The funding of future pension payments is achieved through regular, typically monthly, contributions. Occasional irregular payments, known as transfer-ins, can also be made. Pension savings often benefit from a favourable tax treatment. In occupational schemes, contributions are usually deducted from the pre-tax salary, which lowers the employee’s taxable income and thus the size of the immediate tax bill. Moreover, returns generated from the invested funds are exempt from taxation during the accumulation phase. Tax is only payable once the annuity payments start, allowing the funds to compound more rapidly on a larger base. At retirement, the recipient is typically in a lower tax bracket than during active employment, which further reduces the overall tax bill across the person’s lifetime.
Pension analysis integrates long-term investment management, the transfer of risk between the employee (the pension recipient) and the plan sponsor (the pension provider), asset–liability matching, and comprehensive risk monitoring.
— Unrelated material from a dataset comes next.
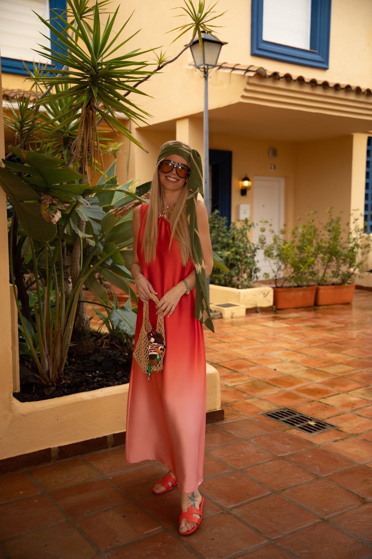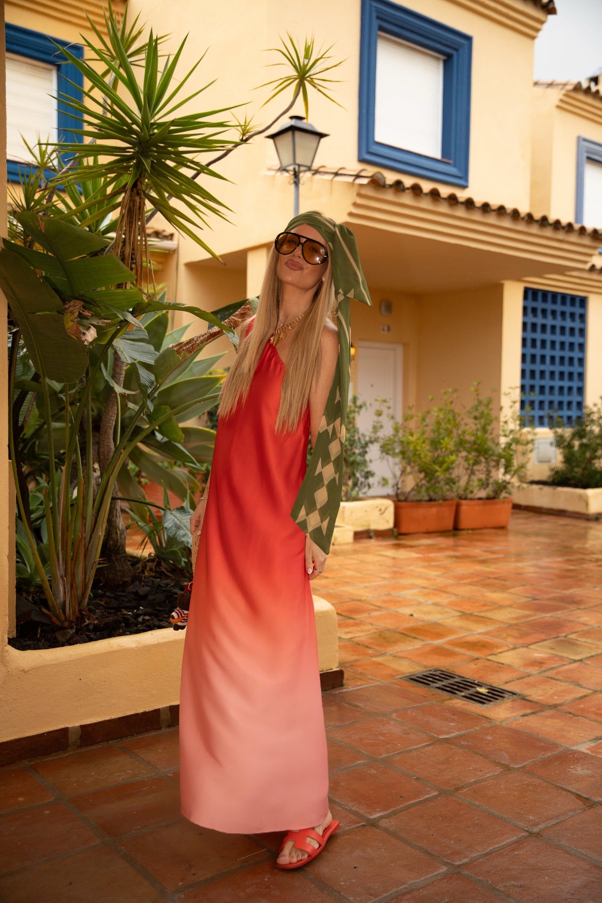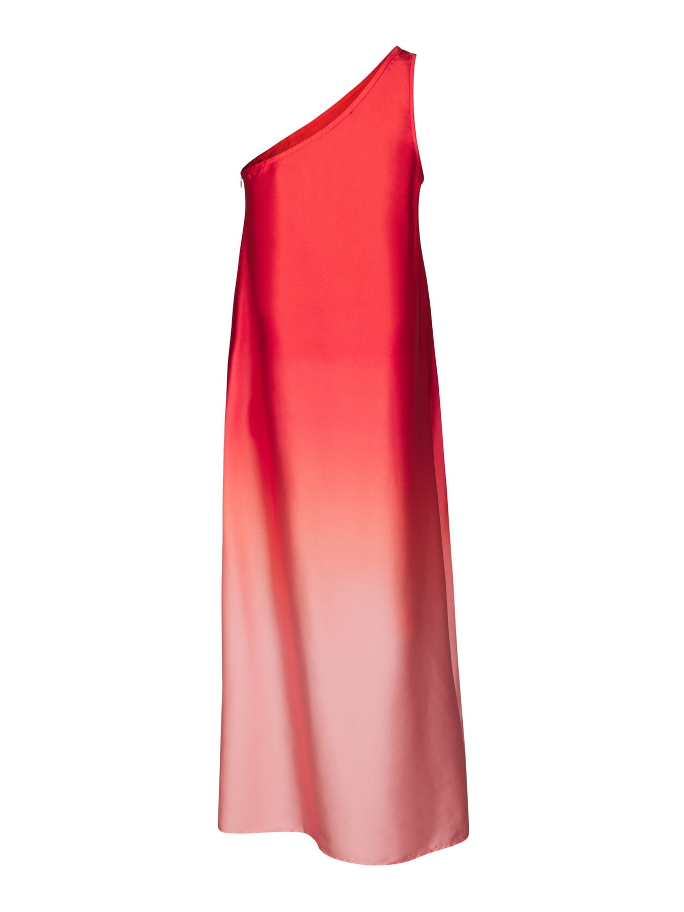 Robe rouge Valentin Studio avec dégradé ombré et design épaules dénudées. La robe est longueur cheville et présente une coupe ample.

It is therefore a discipline that unites several key elements of financial theory and analytical practice.
While the discussion is general, for ease of notation and narrative clarity, I will refer to the pension provider as the ‘plan sponsor’ and the pension recipient as the ‘employee’. This terminology aligns with occupational pension schemes but is adopted here purely for convenience.
Defined-benefit (DB) pension plans promise employees a pre-specified stream of retirement income that is linked to salary and service, rather than to the realised performance of the underlying investments. Figure 4.1 illustrates the phases of pension cash flows for a single employee over the full life cycle of a DB arrangement. At time \(t_0\) the employee joins the pension scheme and starts making contributions toward the funding of the pension; typically, the employer also contributes a fixed fraction of the employee’s salary, as specified in the employment contract.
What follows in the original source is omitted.